------ DATA FOR THIS EXERCISE ------
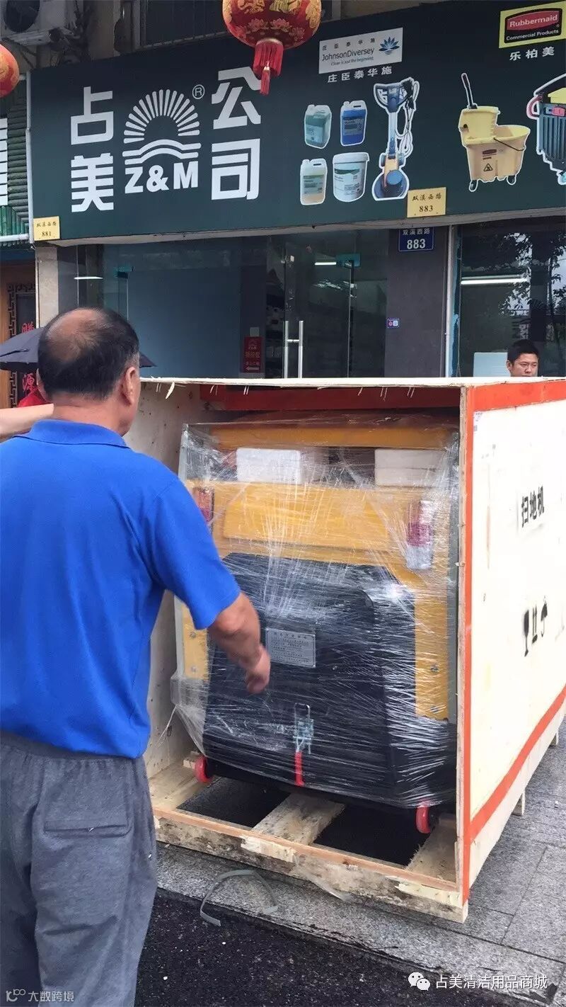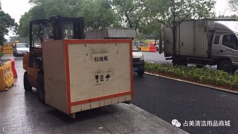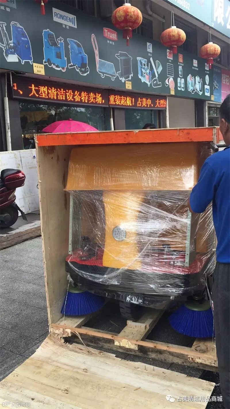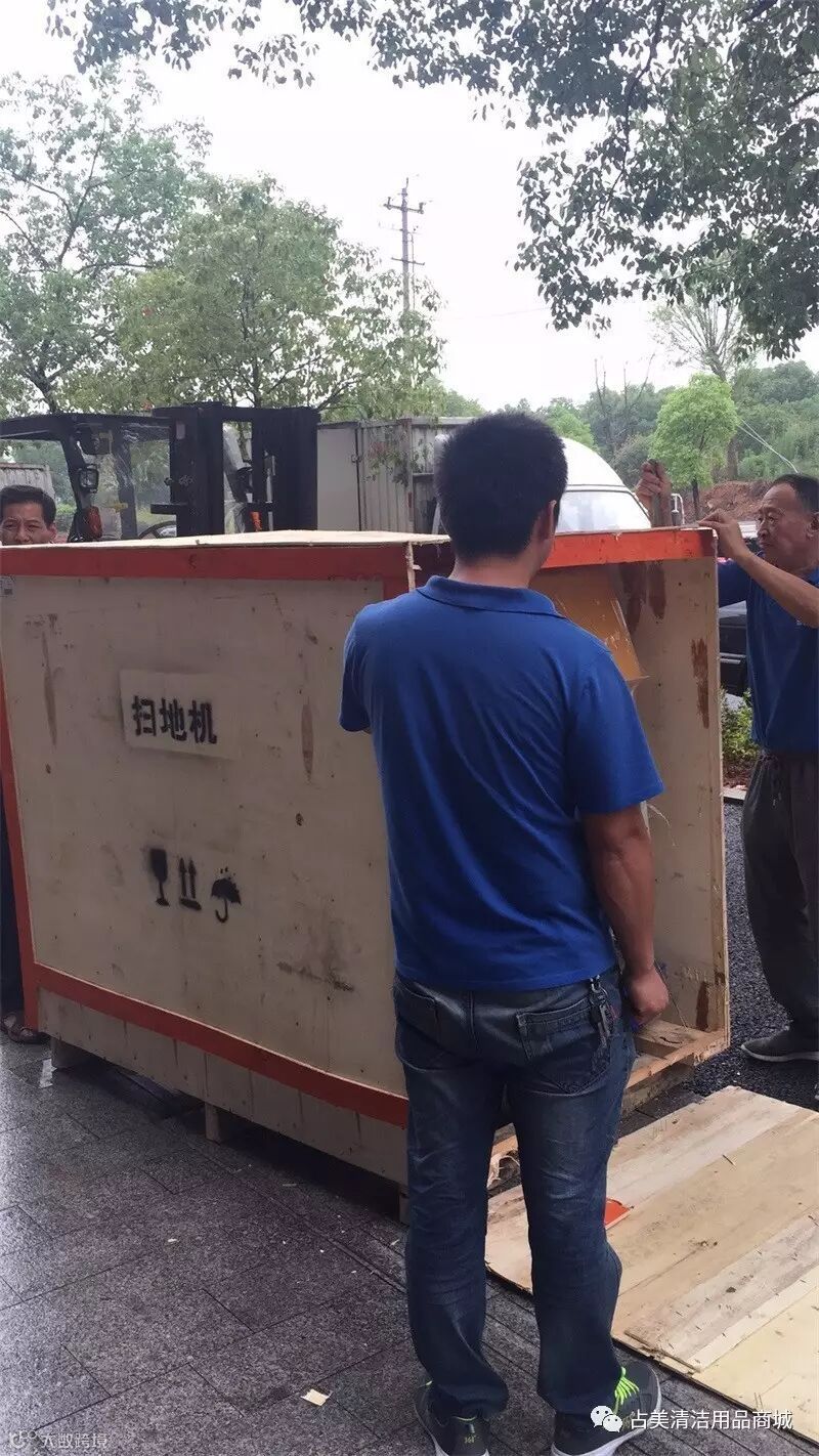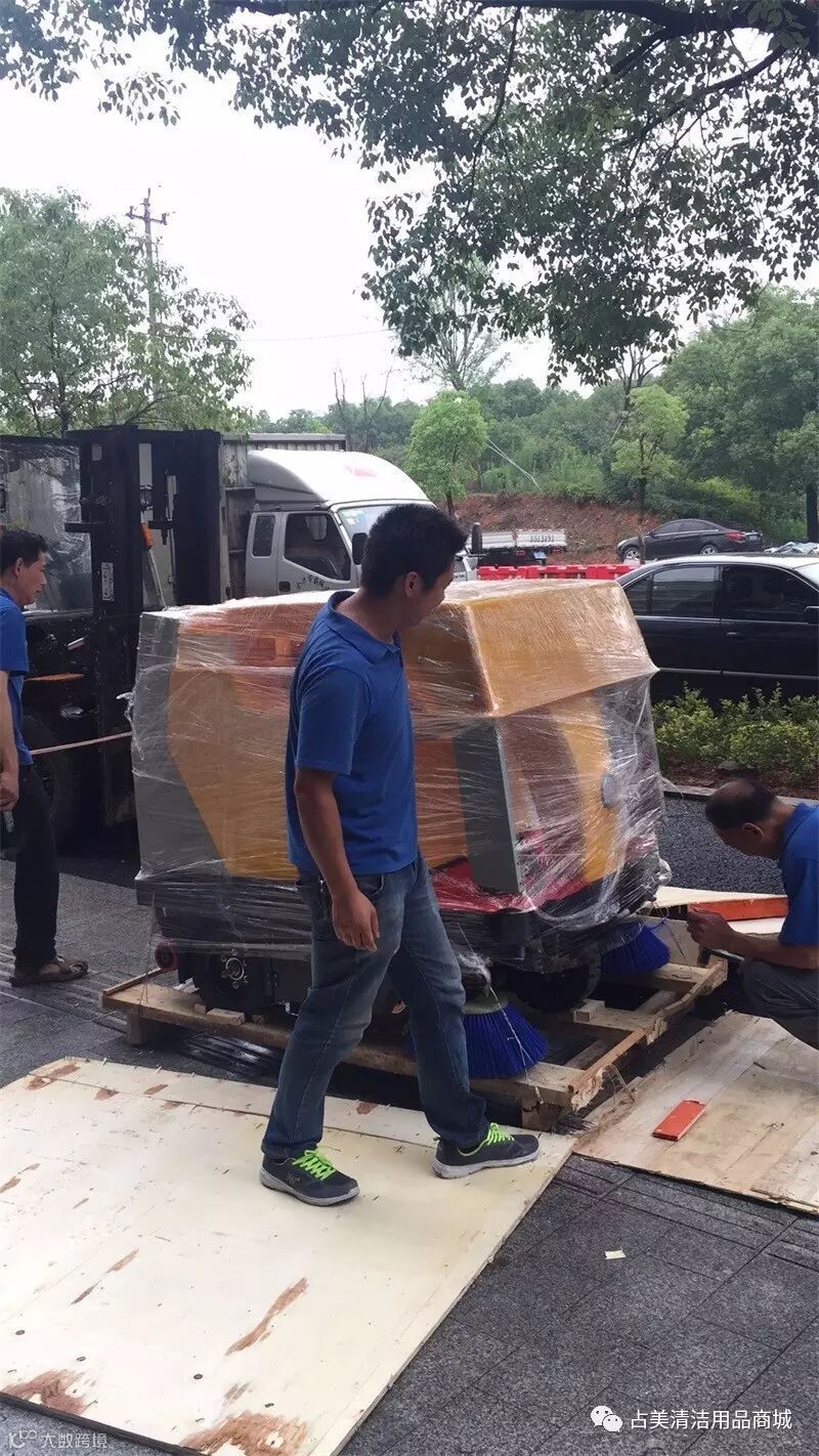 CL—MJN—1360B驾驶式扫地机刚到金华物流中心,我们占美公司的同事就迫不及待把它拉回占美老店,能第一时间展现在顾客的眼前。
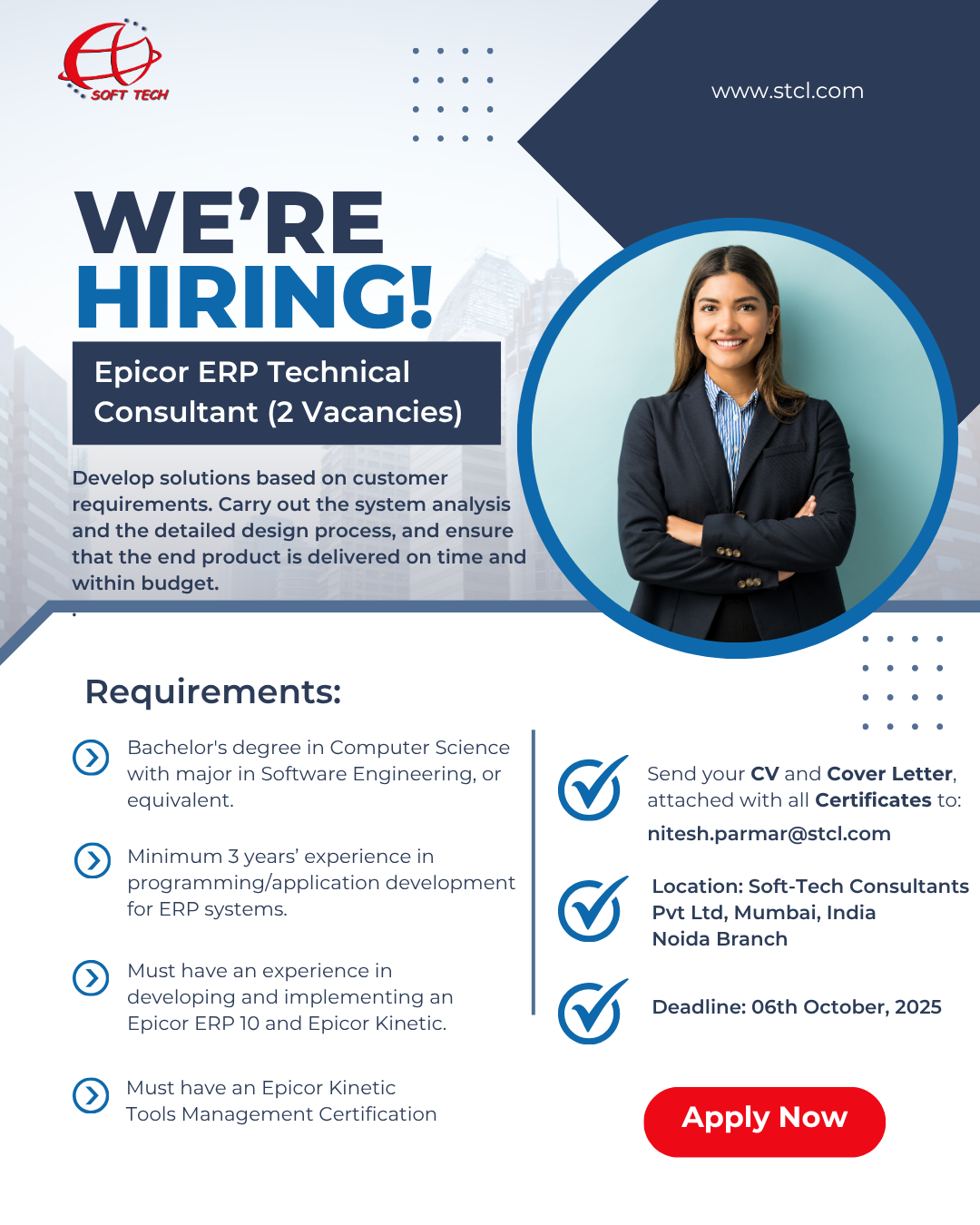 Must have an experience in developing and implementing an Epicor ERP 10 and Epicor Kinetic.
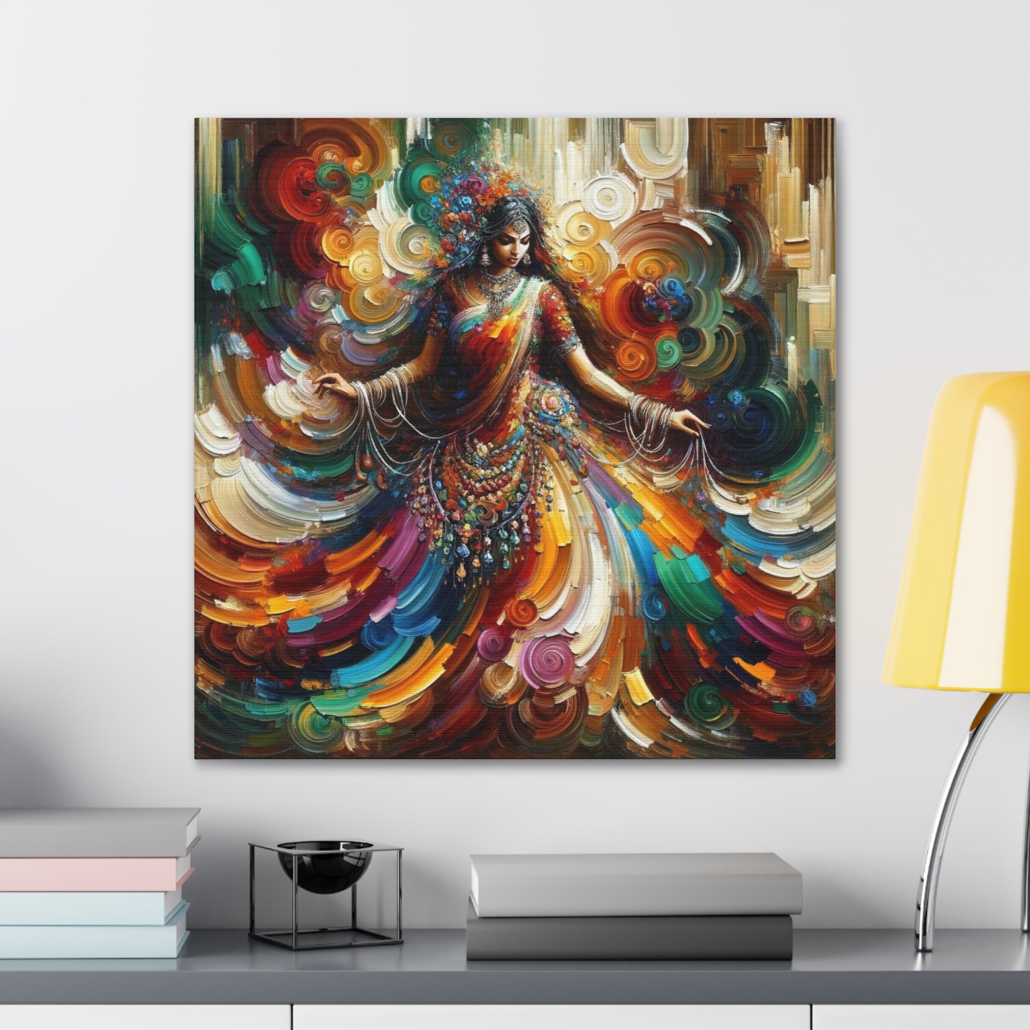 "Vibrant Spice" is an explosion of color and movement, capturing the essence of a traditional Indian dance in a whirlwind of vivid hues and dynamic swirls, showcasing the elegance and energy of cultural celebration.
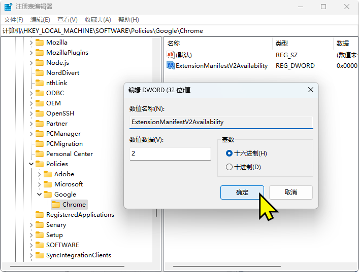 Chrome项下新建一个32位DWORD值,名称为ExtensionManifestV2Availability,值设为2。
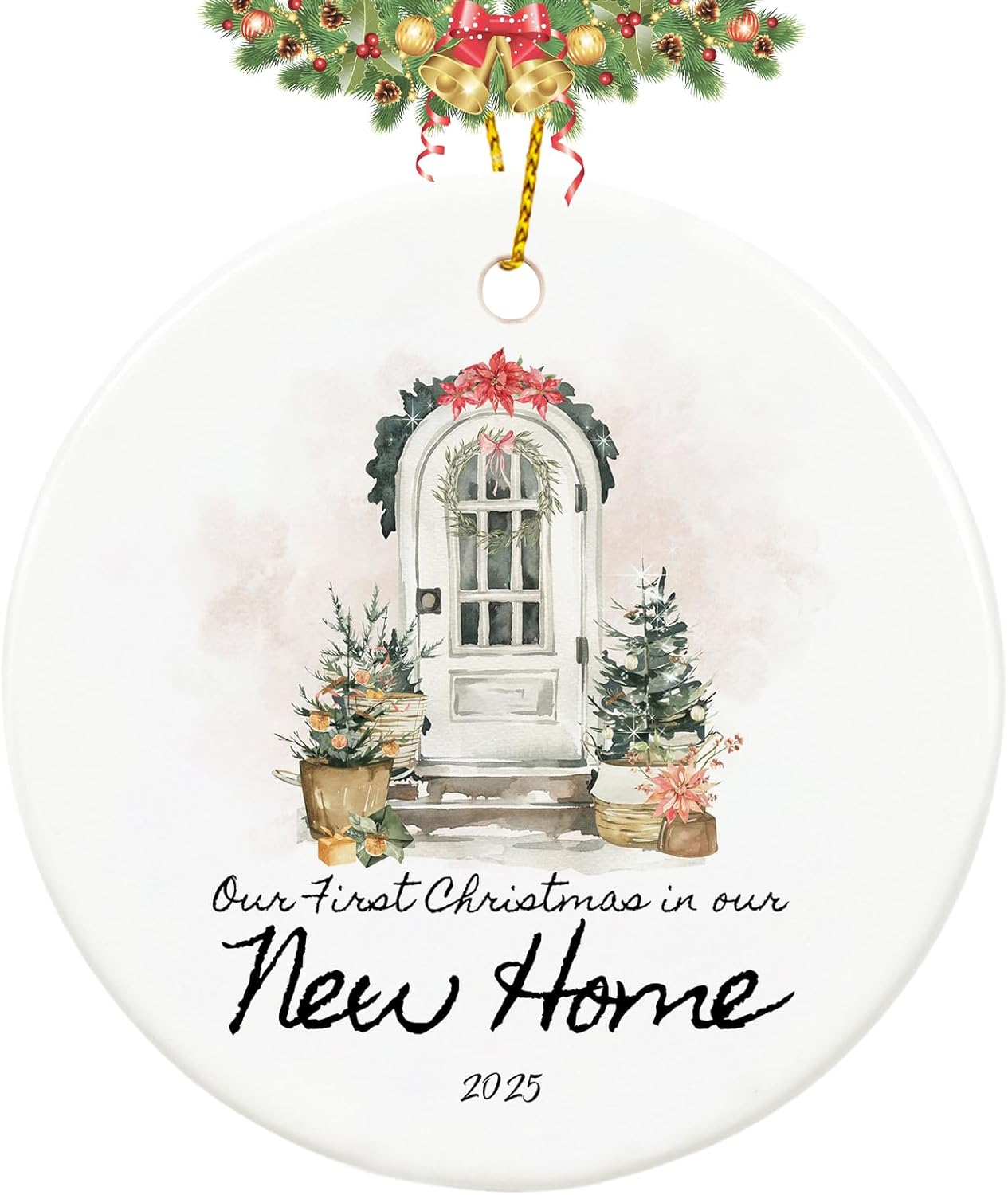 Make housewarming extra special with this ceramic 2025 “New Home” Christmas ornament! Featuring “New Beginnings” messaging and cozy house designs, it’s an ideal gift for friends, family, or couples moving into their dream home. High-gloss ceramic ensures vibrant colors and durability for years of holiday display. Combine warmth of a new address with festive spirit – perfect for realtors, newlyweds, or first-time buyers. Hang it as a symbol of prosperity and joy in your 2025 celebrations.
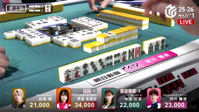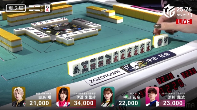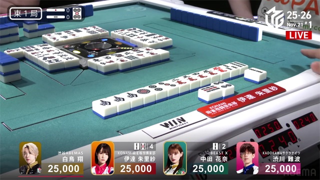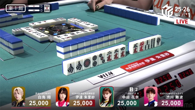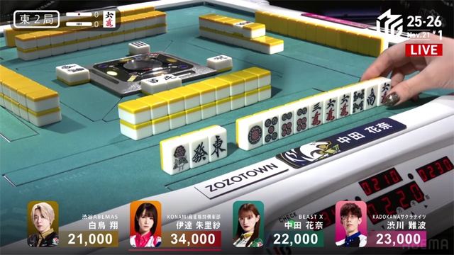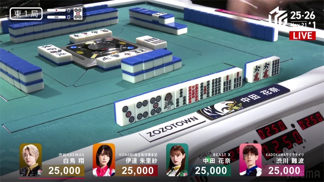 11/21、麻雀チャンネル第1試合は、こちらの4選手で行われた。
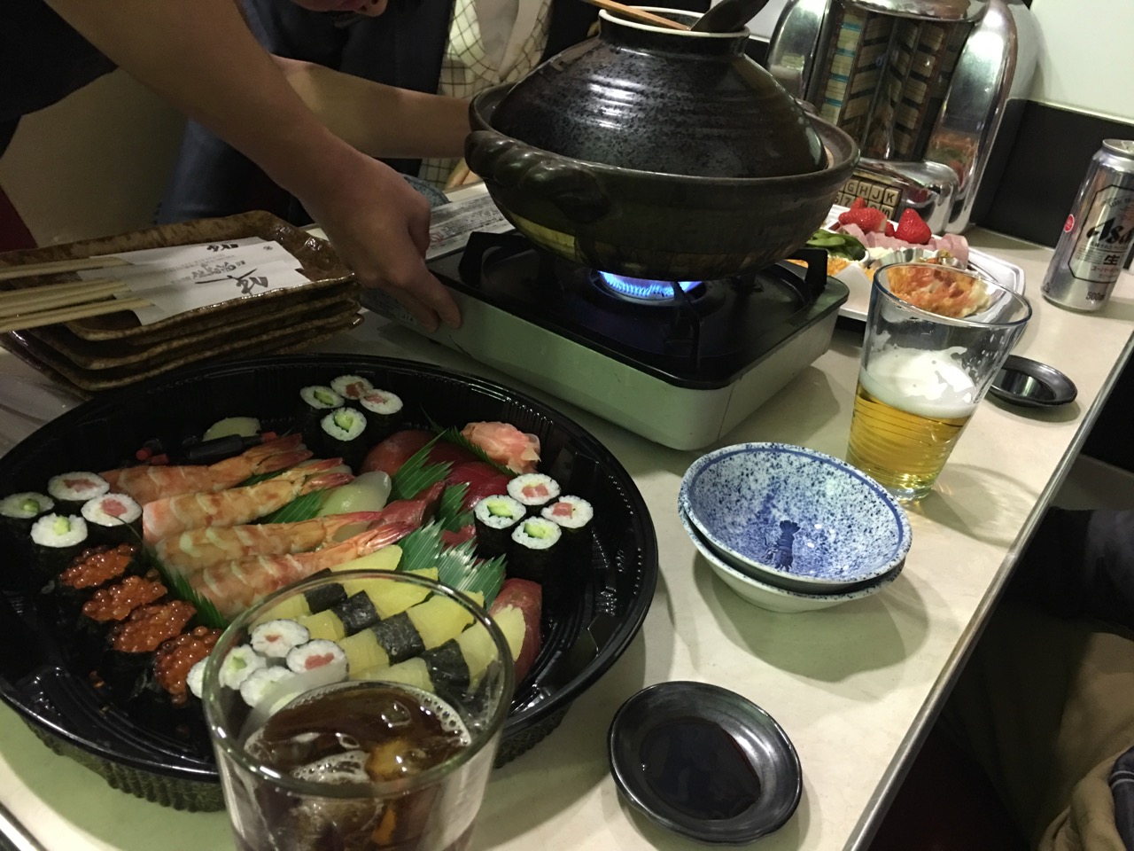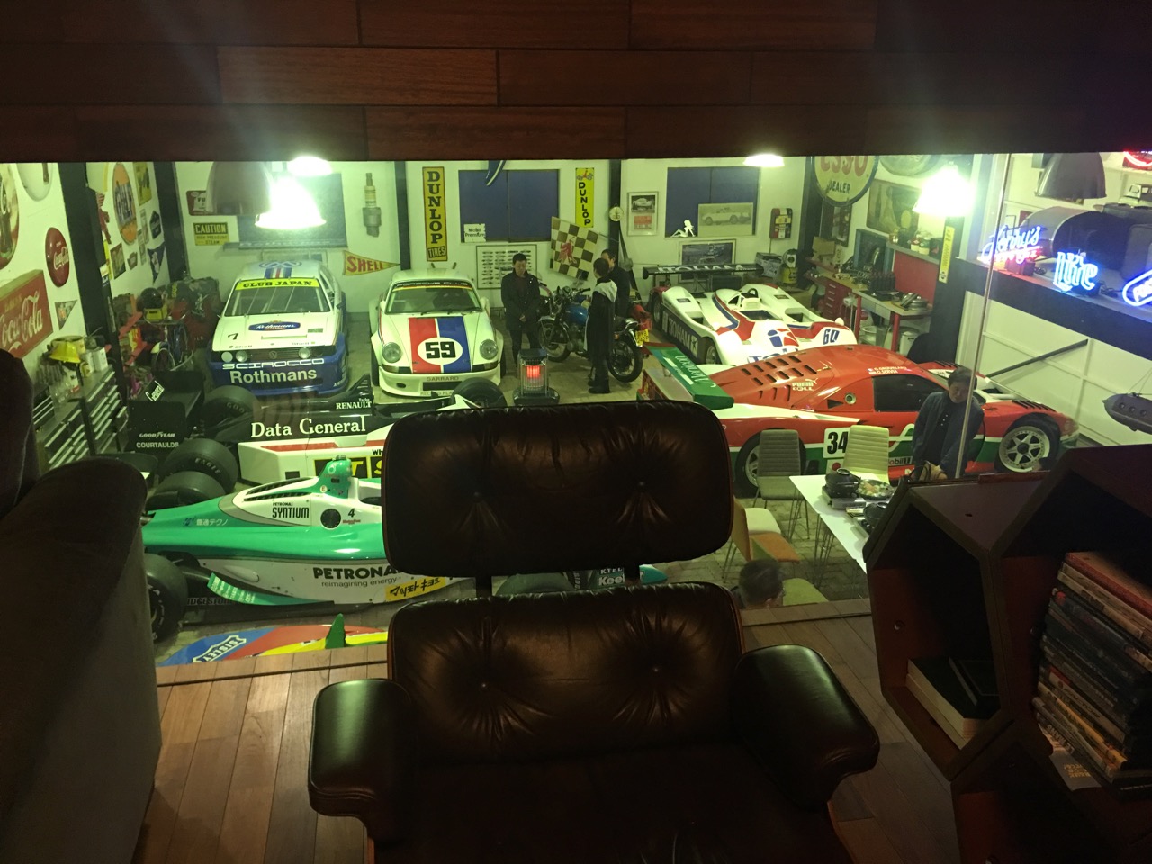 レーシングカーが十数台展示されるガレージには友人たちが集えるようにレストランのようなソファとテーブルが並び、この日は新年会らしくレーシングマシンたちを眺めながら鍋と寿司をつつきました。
------
WHAT YOU NEED TO DO: The records must be copied with no word altered, and without their pictures.

REPLY TO THE EXERCISE:
 CL—MJN—1360B驾驶式扫地机刚到金华物流中心,我们占美公司的同事就迫不及待把它拉回占美老店,能第一时间展现在顾客的眼前。
 Must have an experience in developing and implementing an Epicor ERP 10 and Epicor Kinetic.
 "Vibrant Spice" is an explosion of color and movement, capturing the essence of a traditional Indian dance in a whirlwind of vivid hues and dynamic swirls, showcasing the elegance and energy of cultural celebration.
 Chrome项下新建一个32位DWORD值,名称为ExtensionManifestV2Availability,值设为2。
 Make housewarming extra special with this ceramic 2025 “New Home” Christmas ornament! Featuring “New Beginnings” messaging and cozy house designs, it’s an ideal gift for friends, family, or couples moving into their dream home. High-gloss ceramic ensures vibrant colors and durability for years of holiday display. Combine warmth of a new address with festive spirit – perfect for realtors, newlyweds, or first-time buyers. Hang it as a symbol of prosperity and joy in your 2025 celebrations.
 11/21、麻雀チャンネル第1試合は、こちらの4選手で行われた。
 レーシングカーが十数台展示されるガレージには友人たちが集えるようにレストランのようなソファとテーブルが並び、この日は新年会らしくレーシングマシンたちを眺めながら鍋と寿司をつつきました。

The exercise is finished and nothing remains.